WHAT IS NEEDED - Only a slice of the listing below is wanted. Retype the lines from the one containing "(a) Average particle" through the one containing "Chicken Tempura: White", exactly, both ends included.

SUPPLIED RECORDS -
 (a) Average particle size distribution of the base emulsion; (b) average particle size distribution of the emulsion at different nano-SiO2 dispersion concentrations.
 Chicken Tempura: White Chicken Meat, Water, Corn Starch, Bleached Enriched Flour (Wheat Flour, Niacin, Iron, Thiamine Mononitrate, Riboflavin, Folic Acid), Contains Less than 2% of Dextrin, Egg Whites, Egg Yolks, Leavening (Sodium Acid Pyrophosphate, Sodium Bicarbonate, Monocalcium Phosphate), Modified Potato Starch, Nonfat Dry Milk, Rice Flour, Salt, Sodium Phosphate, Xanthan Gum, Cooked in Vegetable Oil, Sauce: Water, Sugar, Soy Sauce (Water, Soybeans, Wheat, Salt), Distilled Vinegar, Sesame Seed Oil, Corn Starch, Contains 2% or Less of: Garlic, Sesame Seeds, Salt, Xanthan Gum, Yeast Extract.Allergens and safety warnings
--
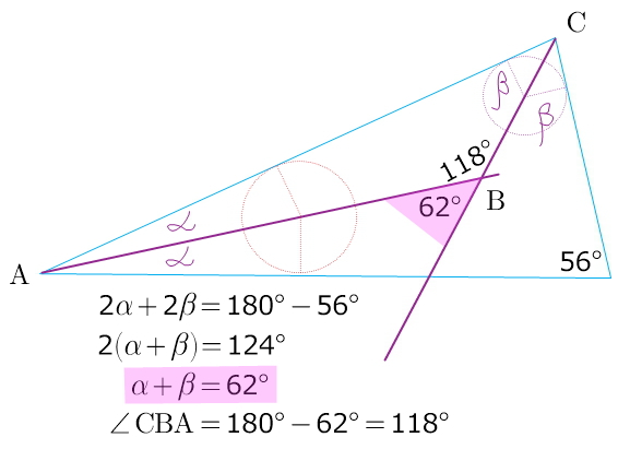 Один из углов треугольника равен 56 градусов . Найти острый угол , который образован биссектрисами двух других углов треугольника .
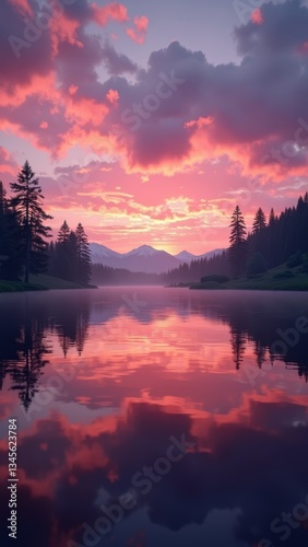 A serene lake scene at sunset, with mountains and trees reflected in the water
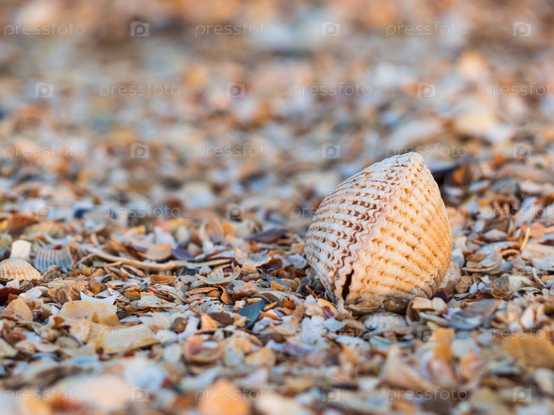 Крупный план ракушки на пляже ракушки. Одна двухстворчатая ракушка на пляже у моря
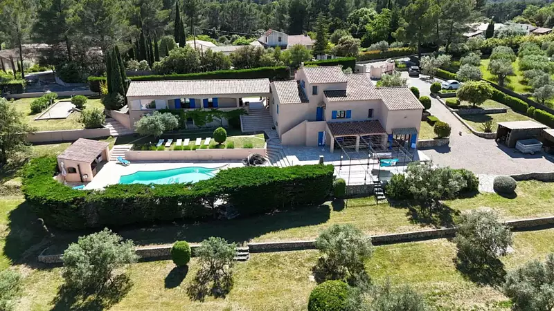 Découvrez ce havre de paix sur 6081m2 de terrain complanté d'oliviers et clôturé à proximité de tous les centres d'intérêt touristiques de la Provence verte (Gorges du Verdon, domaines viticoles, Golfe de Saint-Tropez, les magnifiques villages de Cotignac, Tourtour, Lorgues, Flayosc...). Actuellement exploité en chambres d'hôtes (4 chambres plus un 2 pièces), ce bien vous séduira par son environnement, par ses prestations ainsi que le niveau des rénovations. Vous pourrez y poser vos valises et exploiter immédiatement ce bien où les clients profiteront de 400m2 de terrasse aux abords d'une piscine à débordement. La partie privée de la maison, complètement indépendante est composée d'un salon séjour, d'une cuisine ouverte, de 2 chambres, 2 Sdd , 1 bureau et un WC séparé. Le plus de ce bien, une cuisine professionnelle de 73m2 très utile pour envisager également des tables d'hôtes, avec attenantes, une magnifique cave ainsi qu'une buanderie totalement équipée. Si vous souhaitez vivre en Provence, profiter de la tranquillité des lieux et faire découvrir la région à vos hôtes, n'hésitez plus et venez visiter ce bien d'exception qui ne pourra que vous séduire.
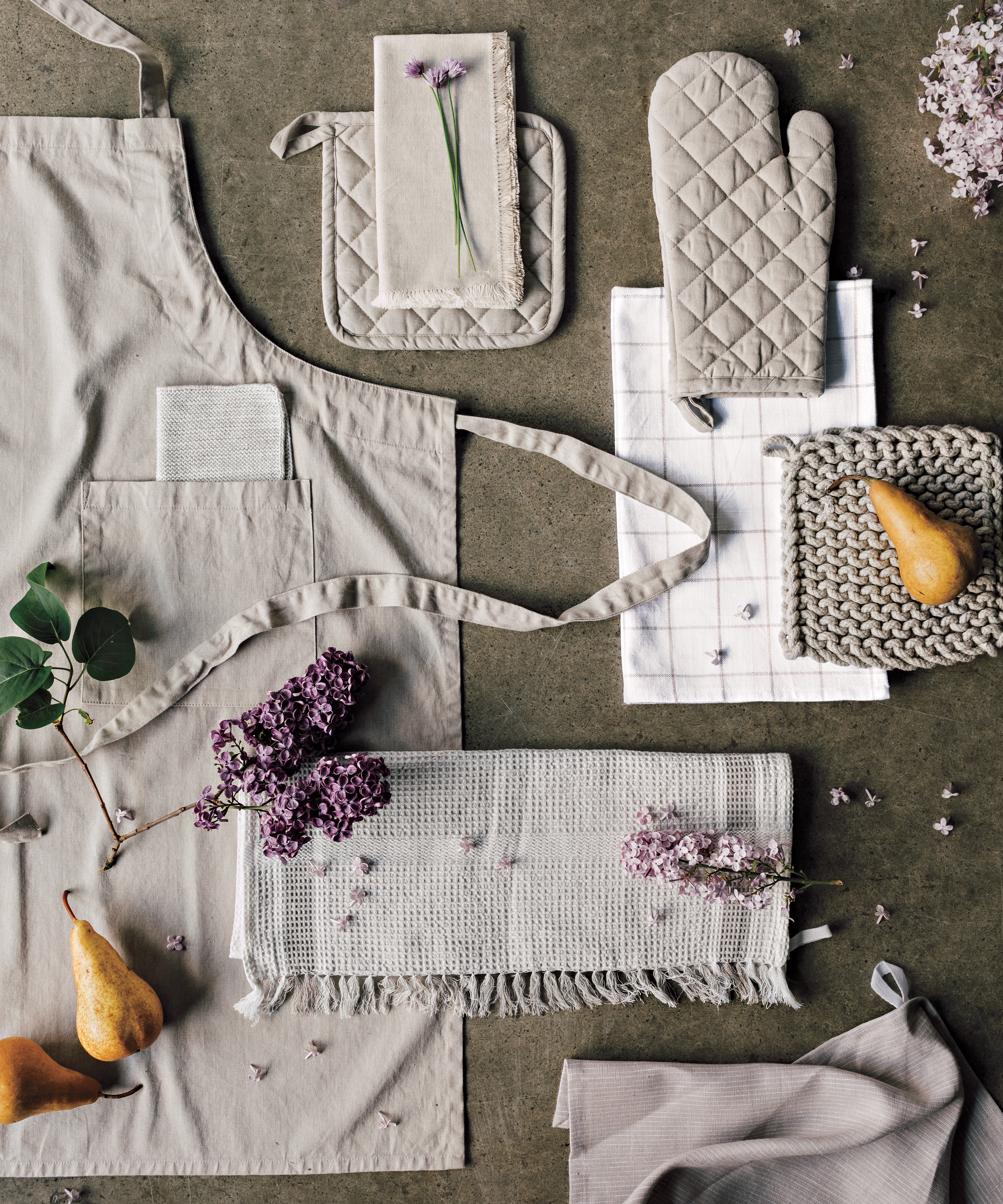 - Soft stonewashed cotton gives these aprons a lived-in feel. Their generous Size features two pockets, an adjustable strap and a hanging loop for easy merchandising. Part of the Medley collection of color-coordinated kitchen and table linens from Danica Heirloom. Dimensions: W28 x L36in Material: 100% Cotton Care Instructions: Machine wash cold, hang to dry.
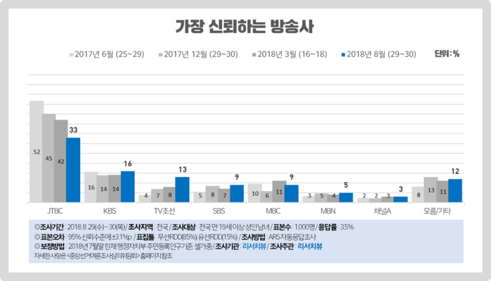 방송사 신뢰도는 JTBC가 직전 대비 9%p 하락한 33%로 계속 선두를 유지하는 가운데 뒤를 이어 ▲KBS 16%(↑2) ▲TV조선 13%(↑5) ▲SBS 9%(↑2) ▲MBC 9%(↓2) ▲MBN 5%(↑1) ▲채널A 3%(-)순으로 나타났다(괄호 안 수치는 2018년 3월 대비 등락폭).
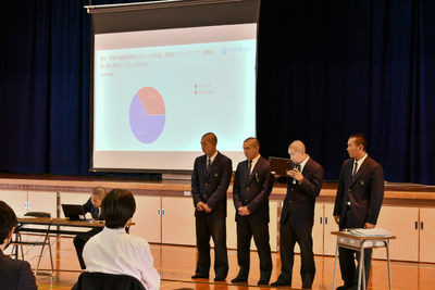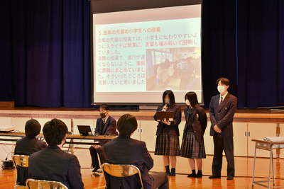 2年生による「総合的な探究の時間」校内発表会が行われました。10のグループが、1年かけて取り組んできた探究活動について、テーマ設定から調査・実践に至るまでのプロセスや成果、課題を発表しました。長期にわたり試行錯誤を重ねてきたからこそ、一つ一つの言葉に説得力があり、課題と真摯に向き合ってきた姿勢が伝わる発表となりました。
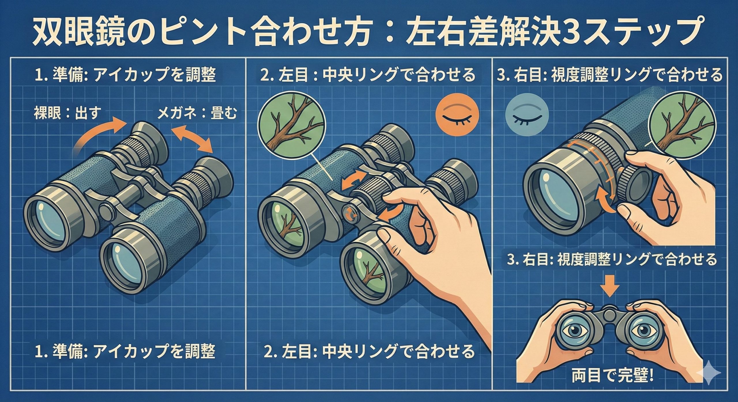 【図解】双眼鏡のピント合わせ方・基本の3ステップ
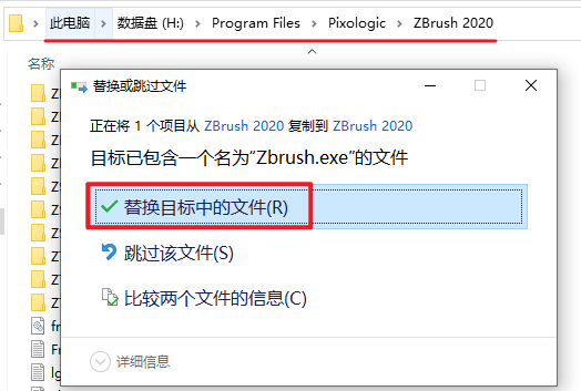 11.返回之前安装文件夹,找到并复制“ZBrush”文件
==
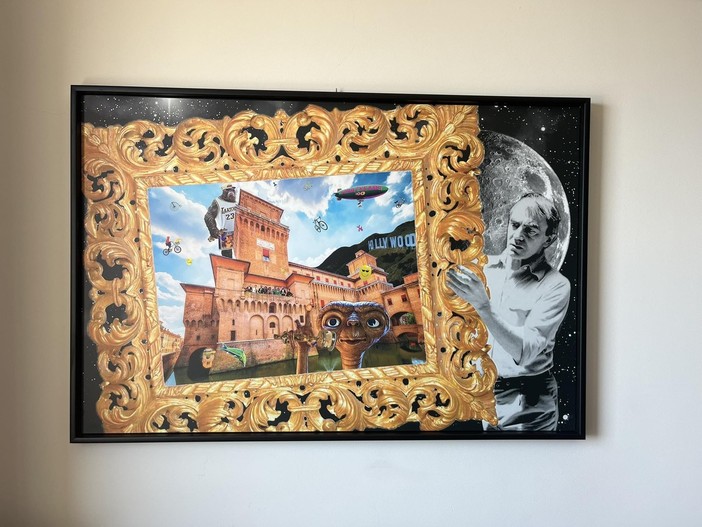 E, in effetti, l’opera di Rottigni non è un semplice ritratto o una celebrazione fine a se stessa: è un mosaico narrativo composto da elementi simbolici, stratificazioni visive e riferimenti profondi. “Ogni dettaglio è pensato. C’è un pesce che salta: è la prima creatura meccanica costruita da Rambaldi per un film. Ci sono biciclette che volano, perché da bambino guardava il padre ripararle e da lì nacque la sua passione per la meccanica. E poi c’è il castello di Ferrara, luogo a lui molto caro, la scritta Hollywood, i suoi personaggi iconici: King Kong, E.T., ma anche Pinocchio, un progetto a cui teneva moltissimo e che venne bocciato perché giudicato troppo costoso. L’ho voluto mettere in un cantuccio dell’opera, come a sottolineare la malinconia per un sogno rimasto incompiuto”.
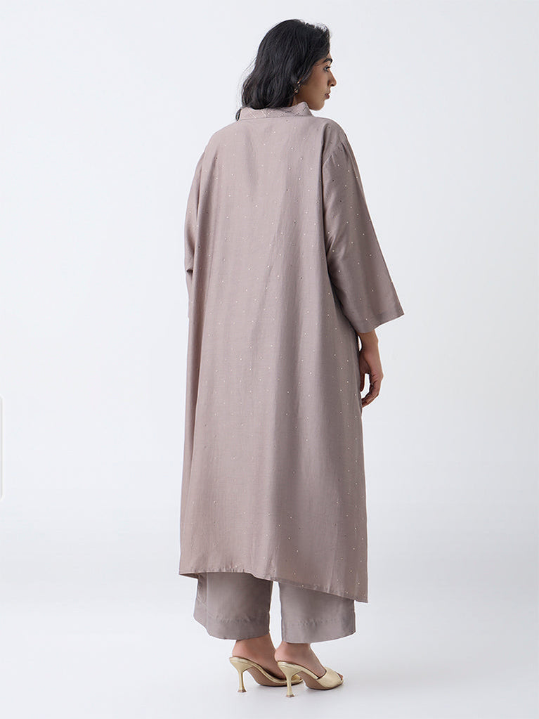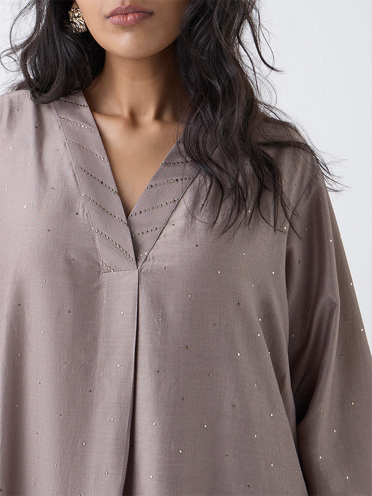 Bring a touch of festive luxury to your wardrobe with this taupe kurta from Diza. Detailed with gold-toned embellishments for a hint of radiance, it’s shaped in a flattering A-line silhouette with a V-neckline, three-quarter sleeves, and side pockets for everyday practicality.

TASK RESULT -
 (a) Average particle size distribution of the base emulsion; (b) average particle size distribution of the emulsion at different nano-SiO2 dispersion concentrations.
 Chicken Tempura: White Chicken Meat, Water, Corn Starch, Bleached Enriched Flour (Wheat Flour, Niacin, Iron, Thiamine Mononitrate, Riboflavin, Folic Acid), Contains Less than 2% of Dextrin, Egg Whites, Egg Yolks, Leavening (Sodium Acid Pyrophosphate, Sodium Bicarbonate, Monocalcium Phosphate), Modified Potato Starch, Nonfat Dry Milk, Rice Flour, Salt, Sodium Phosphate, Xanthan Gum, Cooked in Vegetable Oil, Sauce: Water, Sugar, Soy Sauce (Water, Soybeans, Wheat, Salt), Distilled Vinegar, Sesame Seed Oil, Corn Starch, Contains 2% or Less of: Garlic, Sesame Seeds, Salt, Xanthan Gum, Yeast Extract.Allergens and safety warnings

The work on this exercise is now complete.